DATA PROVIDED ::
━━━━
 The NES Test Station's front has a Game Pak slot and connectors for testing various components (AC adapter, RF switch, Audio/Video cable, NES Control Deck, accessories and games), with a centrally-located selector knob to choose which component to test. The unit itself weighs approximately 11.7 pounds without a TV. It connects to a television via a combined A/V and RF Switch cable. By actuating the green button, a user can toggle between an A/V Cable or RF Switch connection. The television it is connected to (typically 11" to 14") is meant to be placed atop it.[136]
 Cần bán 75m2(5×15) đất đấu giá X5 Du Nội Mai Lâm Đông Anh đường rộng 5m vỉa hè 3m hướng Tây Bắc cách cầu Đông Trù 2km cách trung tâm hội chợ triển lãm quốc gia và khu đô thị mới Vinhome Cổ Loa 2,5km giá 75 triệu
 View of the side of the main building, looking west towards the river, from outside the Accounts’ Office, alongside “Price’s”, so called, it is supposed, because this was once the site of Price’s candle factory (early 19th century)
━━━━
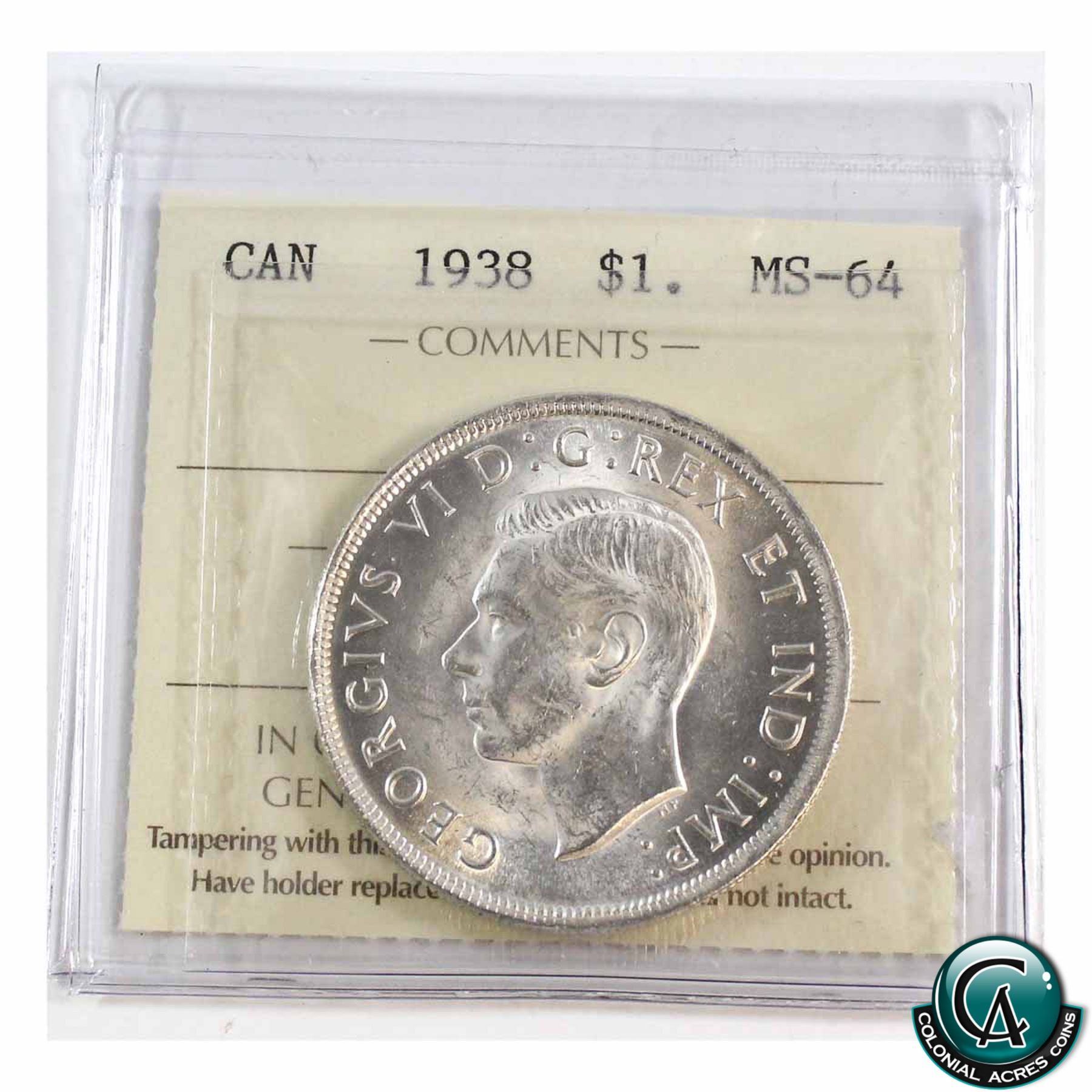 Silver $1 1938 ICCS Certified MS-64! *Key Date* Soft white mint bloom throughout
━━━━
TASK PROMPT :: From the data above, output exactly the lines between the one containing "The NES Test" and the one containing "View of the", counting both of them.

TASK RESPONSE ::
 The NES Test Station's front has a Game Pak slot and connectors for testing various components (AC adapter, RF switch, Audio/Video cable, NES Control Deck, accessories and games), with a centrally-located selector knob to choose which component to test. The unit itself weighs approximately 11.7 pounds without a TV. It connects to a television via a combined A/V and RF Switch cable. By actuating the green button, a user can toggle between an A/V Cable or RF Switch connection. The television it is connected to (typically 11" to 14") is meant to be placed atop it.[136]
 Cần bán 75m2(5×15) đất đấu giá X5 Du Nội Mai Lâm Đông Anh đường rộng 5m vỉa hè 3m hướng Tây Bắc cách cầu Đông Trù 2km cách trung tâm hội chợ triển lãm quốc gia và khu đô thị mới Vinhome Cổ Loa 2,5km giá 75 triệu
 View of the side of the main building, looking west towards the river, from outside the Accounts’ Office, alongside “Price’s”, so called, it is supposed, because this was once the site of Price’s candle factory (early 19th century)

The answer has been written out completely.